- Born: 13 December 1891 Sloboda-Runhurska, Austria-Hungary (now – Sloboda, Ukraine)
- Died: 25 July 1942 (aged 50) Kolomea, Third Reich
- Citizenship: Austria-Hungary Second Polish Republic
- Education: Secret Ukrainian University University of Poznan University of Vienna
- Occupations: Community and political activist, doctor of medicine
- Years active: 1931–1942
- Spouse: Mariia Stankevych
- Children: Liubov, Volodymyra, Omelian
- Parent(s): Semen Stankevych Mariia Kovalska

= Dmytro Stankevych =

Ukrainian doctor & political activist (1891–1942)

Dmytro Semenovych Stankevych (Dymitr Stankiewicz; Дмитро Семенович Станкевич; 13 December 1891 – 25 July 1942) was a Ukrainian doctor of medicine (radiologist) and political activist, member and co-founder of the local branches of the Ukrainian Medical and Ukrainian Hygienic Societies.

==Biography==
Dmytro Stankevych was born on December 13, 1901 in a village of Sloboda-Runhurska in the peasant family of Semen Stankevych and Mariia Kovalska. He received his secondary education at the local Ukrainian Gymnasium, which he graduated from in 1921. In the 6th grade of the gymnasium, at the age of 16, he joined the ranks of the Ukrainian Sich Riflemen and later, as an artillery centurion, he participated in the liberation struggle in the ranks of the Ukrainian Galician Army.

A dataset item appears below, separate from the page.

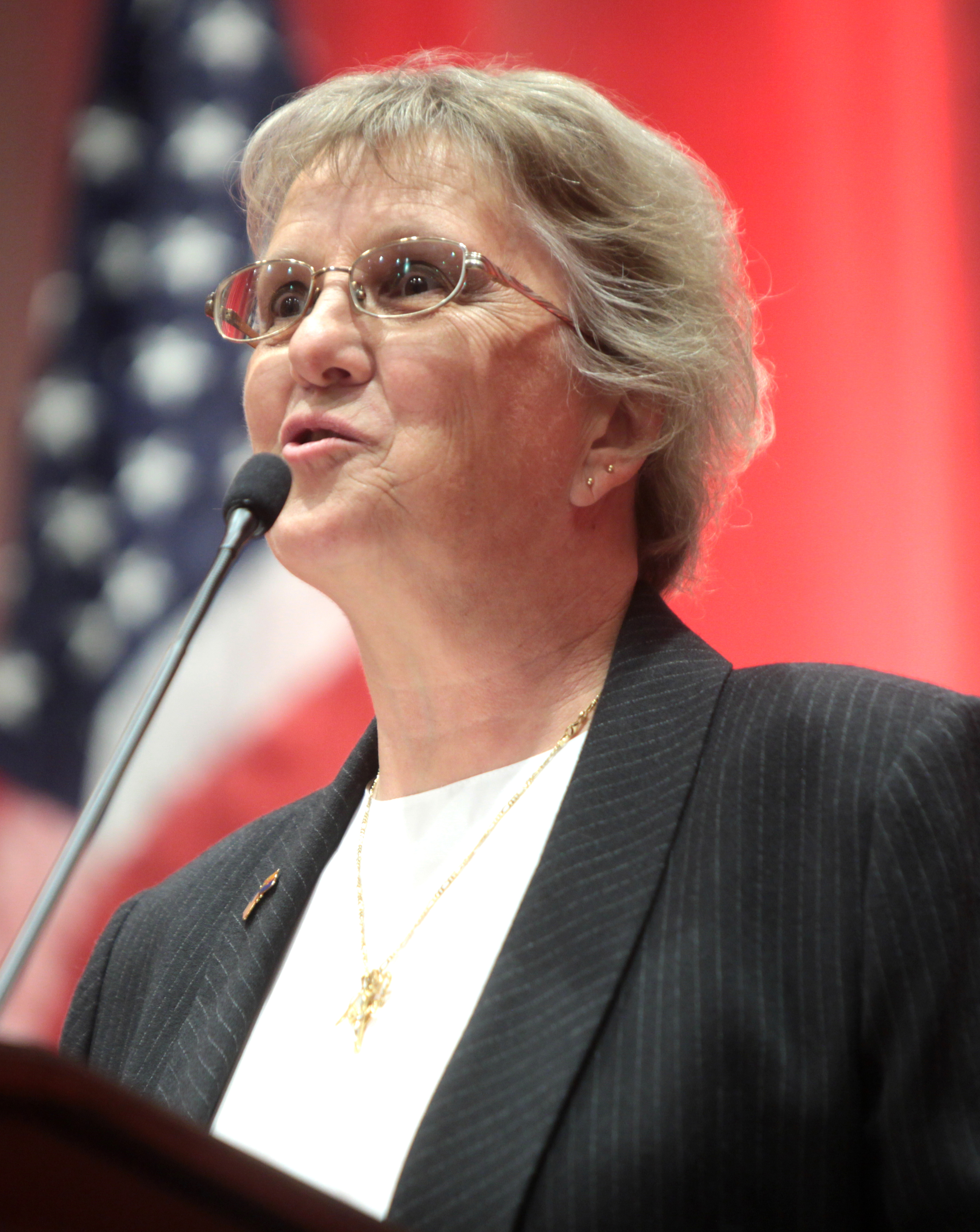 Diane Douglas speaking at a campaign rally in Phoenix, Arizona.
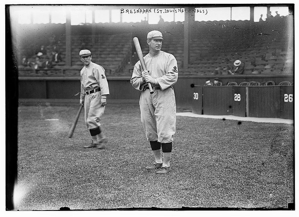 Bain News Service,, publisher. [Roger Bresnahan, St. Louis, NL, Miller Huggins in background (baseball)] [ca. 1911] 1 negative : glass ; 5 x 7 in. or smaller. Notes: Original data provided by the Bain News Service on the negatives or caption cards: Bresnahan (St. Louis Nat'ls). Corrected title and date based on research by the Pictorial History Committee, Society for American Baseball Research, 2006. Forms part of: George Grantham Bain Collection (Library of Congress). Subjects: Baseball Format: Glass negatives. Repository: Library of Congress, Prints and Photographs Division, Washington, D.C. 20540 USA, General information about the Bain Collection is available at Persistent URL: Call Number: LC-B2- 2212-1

After graduating from high school, he entered the Secret Ukrainian University in Lviv, which he graduated in 1928. In 1929, he had his diploma nostrified at the University of Poznań, where he became a member of the Ukrainian Society of Medicine and completed an internship, and in 1930, he specialized in radiology in Vienna.

In 1931, together with his wife Maria, he moved to Kolomyia. According to the research of a local historian Illya Kryvoruchko, at the same time he built a villa at the then Sobieskiego Street, 76 (now — Hrushevsky Street, 76), where he received patients together with the deputy chief physician of the county hospital, therapist Mieczysław Szajna from 8 to 10 am and from 3 to 5 pm. He also began working as a radiologist at the county hospital and had his own medical office at 49 Piłsudskiego Street (now — Chornovil Street).

After founding a public outpatient clinic for the poor in 1932, he worked there as a radiologist together with Jewish and Ukrainian doctors. In Kolomyia, he became a co-founder of branches of the Ukrainian Medical (1933) and Ukrainian Hygienic Societies (1930), as well as a member of the "Kameniary". According to the newspaper "Dilo" on March 1, 1933, he allocated 5 zlotys to finance the "Prosvita" society. In September 1938, he organized the anniversary celebration of "Prosvita" in Kolomyia.

During the Soviet occupation, he worked as a radiologist in the former county hospital. With the onset of the German occupation in November 1941, he became deputy chairman and secretary of the Ukrainian District Committee in Kolomyia.

However, he later fell ill with tuberculosis and died on July 25, 1942 in Kolomyia.

He is survived by his wife, Mariia Stankevych, and three children.